> [Assignment]: Check every line of the data below for the word "職業体験". Copy the ones that have it.

> [Data]:
════════════════════

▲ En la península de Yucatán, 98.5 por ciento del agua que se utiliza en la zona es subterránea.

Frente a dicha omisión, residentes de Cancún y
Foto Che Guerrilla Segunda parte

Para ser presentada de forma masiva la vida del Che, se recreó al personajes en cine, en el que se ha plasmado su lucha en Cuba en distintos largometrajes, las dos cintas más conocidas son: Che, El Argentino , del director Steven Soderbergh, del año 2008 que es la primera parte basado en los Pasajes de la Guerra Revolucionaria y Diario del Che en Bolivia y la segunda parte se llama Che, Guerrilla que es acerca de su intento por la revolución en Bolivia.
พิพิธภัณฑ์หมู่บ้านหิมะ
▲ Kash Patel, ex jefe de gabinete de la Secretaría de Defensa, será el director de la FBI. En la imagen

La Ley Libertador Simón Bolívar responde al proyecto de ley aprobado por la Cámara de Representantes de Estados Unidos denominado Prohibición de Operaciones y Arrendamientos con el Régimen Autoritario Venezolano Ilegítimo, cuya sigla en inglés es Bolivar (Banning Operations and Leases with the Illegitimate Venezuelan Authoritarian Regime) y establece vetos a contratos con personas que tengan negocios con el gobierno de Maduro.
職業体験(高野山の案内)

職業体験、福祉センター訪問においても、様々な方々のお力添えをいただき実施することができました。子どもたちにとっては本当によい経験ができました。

════════════════════

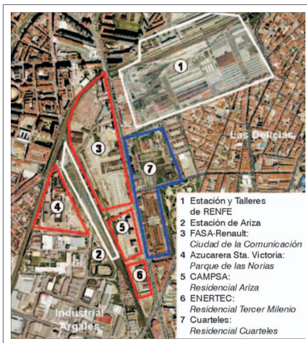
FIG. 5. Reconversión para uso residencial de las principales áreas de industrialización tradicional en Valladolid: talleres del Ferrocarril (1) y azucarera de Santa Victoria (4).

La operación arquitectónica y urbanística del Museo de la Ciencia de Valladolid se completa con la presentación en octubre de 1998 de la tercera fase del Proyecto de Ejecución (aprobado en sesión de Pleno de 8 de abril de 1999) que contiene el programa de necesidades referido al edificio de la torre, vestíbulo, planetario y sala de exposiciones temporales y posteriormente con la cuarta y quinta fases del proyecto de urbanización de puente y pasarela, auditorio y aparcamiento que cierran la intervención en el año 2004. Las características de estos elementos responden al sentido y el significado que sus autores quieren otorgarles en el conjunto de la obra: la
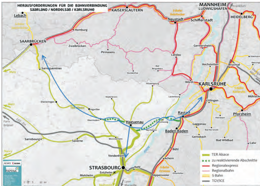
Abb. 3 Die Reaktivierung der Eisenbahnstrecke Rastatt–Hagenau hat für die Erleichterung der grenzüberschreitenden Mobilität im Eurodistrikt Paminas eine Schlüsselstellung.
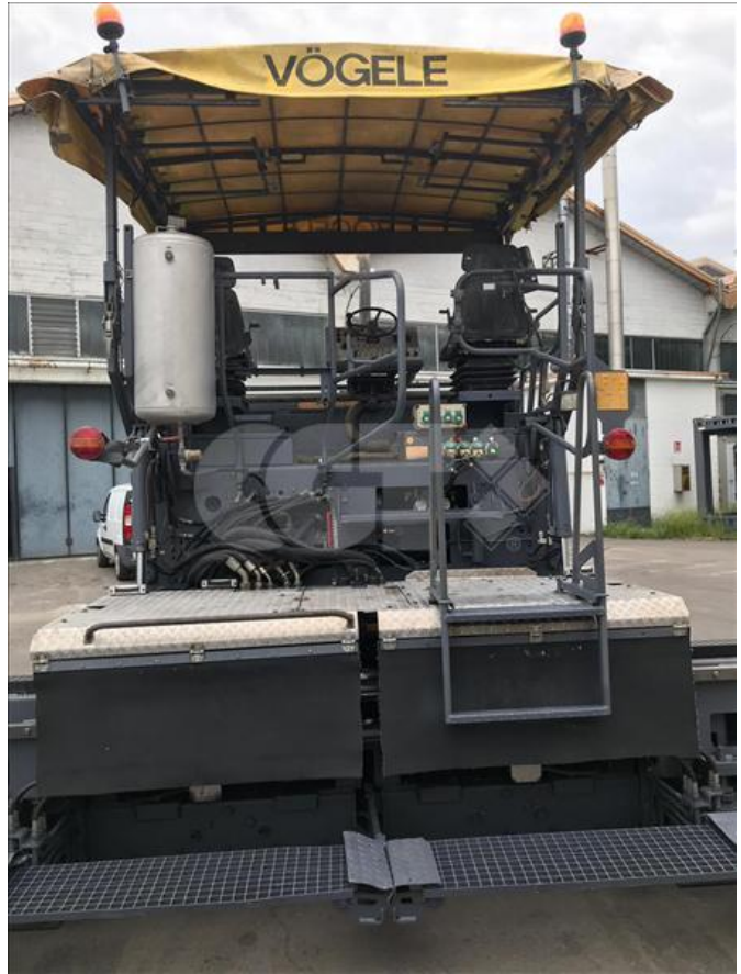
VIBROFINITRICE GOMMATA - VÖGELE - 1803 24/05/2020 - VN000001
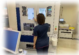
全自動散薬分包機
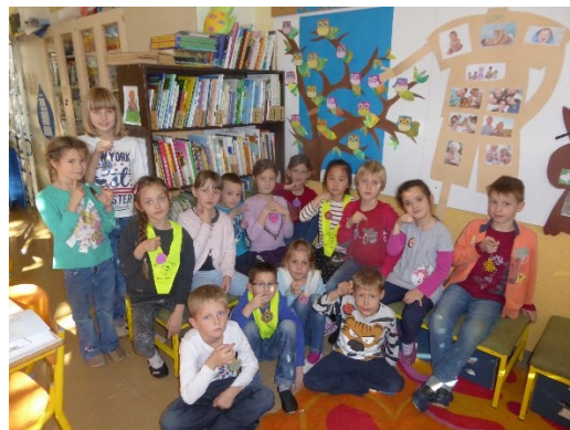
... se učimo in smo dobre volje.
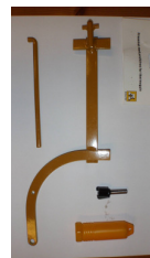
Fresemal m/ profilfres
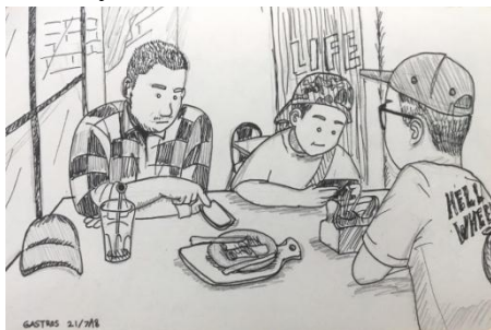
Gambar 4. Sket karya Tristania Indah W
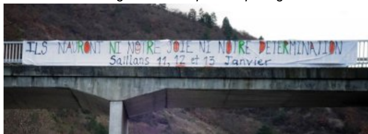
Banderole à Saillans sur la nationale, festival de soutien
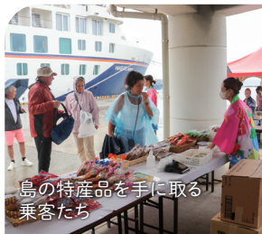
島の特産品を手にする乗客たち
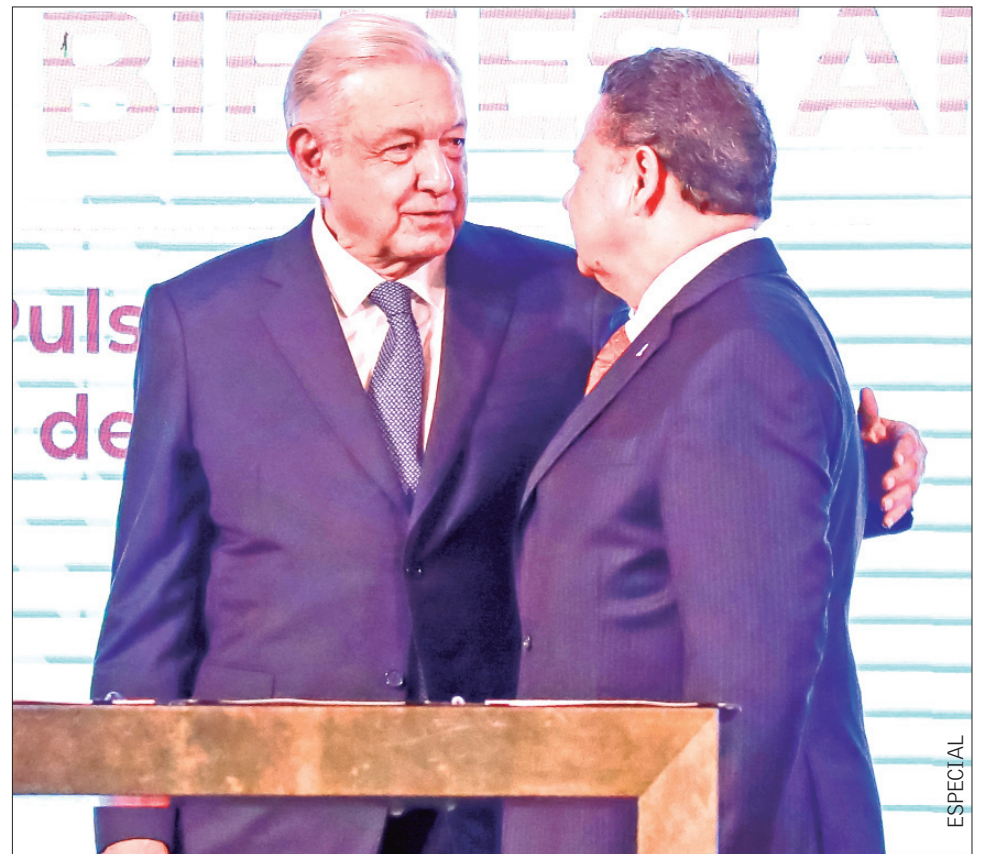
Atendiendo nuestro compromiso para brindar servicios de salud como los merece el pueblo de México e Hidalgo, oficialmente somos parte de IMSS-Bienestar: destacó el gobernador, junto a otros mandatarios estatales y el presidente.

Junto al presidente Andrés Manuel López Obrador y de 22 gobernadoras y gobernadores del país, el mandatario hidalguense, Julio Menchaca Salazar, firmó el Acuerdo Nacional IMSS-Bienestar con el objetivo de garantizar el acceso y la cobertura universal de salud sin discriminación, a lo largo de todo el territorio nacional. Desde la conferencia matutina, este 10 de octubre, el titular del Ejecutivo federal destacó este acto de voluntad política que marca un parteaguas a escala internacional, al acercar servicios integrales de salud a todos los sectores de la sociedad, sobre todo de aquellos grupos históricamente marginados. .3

════════════════════

> [Solution to this exercise]:
職業体験(高野山の案内)
職業体験、福祉センター訪問においても、様々な方々のお力添えをいただき実施することができました。子どもたちにとっては本当によい経験ができました。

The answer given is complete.